Becker starts off with a series of instrumental pieces, just to get back into the swing of things. “My original concept involved a very stripped down sound, with strong emphasis on melody and bass line, and not too much in the way of chording. The idea was to get a kind of spacious feel, where the harmonies were more defined by melodies and roots than spelled out with static vertical comping-type chords.” As he became more proficient with his tools — mainly synths and computer sequencing programs — they became integral aspects of his compositional technique. “My first dilemma was, how do I go about writing by myself, that is, without Donald?

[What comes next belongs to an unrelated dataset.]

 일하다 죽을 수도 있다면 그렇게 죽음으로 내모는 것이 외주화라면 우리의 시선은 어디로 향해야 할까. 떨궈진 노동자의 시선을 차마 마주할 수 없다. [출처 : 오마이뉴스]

In our collaboration he provided a lot of the harmonic direction and overall tonal framework, and his ability to develop great chord sequences, striking modulations, and so on, became an essential ingredient in our writing style. I decided to use a minimalist approach that would enable me to focus on the overall thrust of the song, rather that bogging down in harmonic complexities and ornaments that were perhaps irrelevant in the musical context of the day.”

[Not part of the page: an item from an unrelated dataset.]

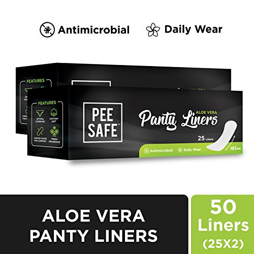 Pee Safe Aloe Vera Panty Liners for Extra Comfort (Set of 2 50 Liners)Pee Safe panty liners keep you dry and fresh all day long. Each liner is crafted with a cottony-soft surface infused with aloe vera that lets you enjoy your day without worry of a little flow. Liner's antimicrobial properties protect you from infection while keeping you fresh and clean from Vaginal discharge Tampon leakage Surprise periods and Urinary Incontinence.

As far as lyrics went, Becker was able to continue much in the vein of the Steely Dan songs, but with the added freedom of veering off into areas that might have been too personal or bizarre for even the duo’s eccentric territory. “When you’re collaborating, you often need to persuade your writing partner that an idea is interesting enough or strong enough to work with, and sometimes this is difficult or impossible to do. When you’re working alone, you get to follow your hunches a lot more. I also took advantage of events unfolding in my immediate environs as subject matter for songs in a way that was somewhat different from what we used to do… Generally speaking, I tried to suspend my critical perceptions of what I was doing, musically and lyrically, until I had completed something, so as to range out a bit into new areas. This experimental approach was helpful in maintaining a flow in my writing.”

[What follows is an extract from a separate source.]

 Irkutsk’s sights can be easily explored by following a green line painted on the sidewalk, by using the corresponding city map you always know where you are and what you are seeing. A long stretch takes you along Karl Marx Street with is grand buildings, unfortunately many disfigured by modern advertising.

When it comes time to begin the recording process, Becker calls on a rhythm section from the band Lost Tribe–that is, Adam Rogers on guitar, Ben Perowski on drums and Fima Ephron on bass, plus guitarist Dean Parks and keyboardist John Beasley. The band works for a couple of weeks, and three tracks wind up on the finished album. The rest of the tunes, Becker decides to base on his sequenced demos which he feels best capture to essence of the tunes. “I had to spend a good deal of time coming up with a vocal approach that I liked. Some tunes were more daunting than others. And in most cases, it seemed that singing over the track with which I had written the tune worked best.” After several months following the Summer ’93 Steely Dan Tour, Donald Fagen comes out to Hawaii to help Becker finish the record — a process which, as it turns out takes many more months. “I was driving myself nuts by the time Donald arrives. Luckily he was able to steer me in the right direction and take on the bulk of the production chores at a point when I was glad to be able to concentrate on other things, singing and so on.”

By July of ’94, 11 Tracks of Whack is a done deal. Becker is back in Hawaii, getting ready for another Steely Dan summer tour, during which he will perform a number of tunes from his new album for the first time, with the capable backing of Fagen and the rest of the Steely Dan touring band. Fagen is back in New York working on charts for the band. “Now that the thing is finished, I realize that writing words and music is the most enjoyable and satisfying part of the process, and something I was missing in my life. Now that I’m doing it again, I kind of feel like I have rediscovered some of the excitement in the beginning of my career, writing with Donald and later making those first few albums.”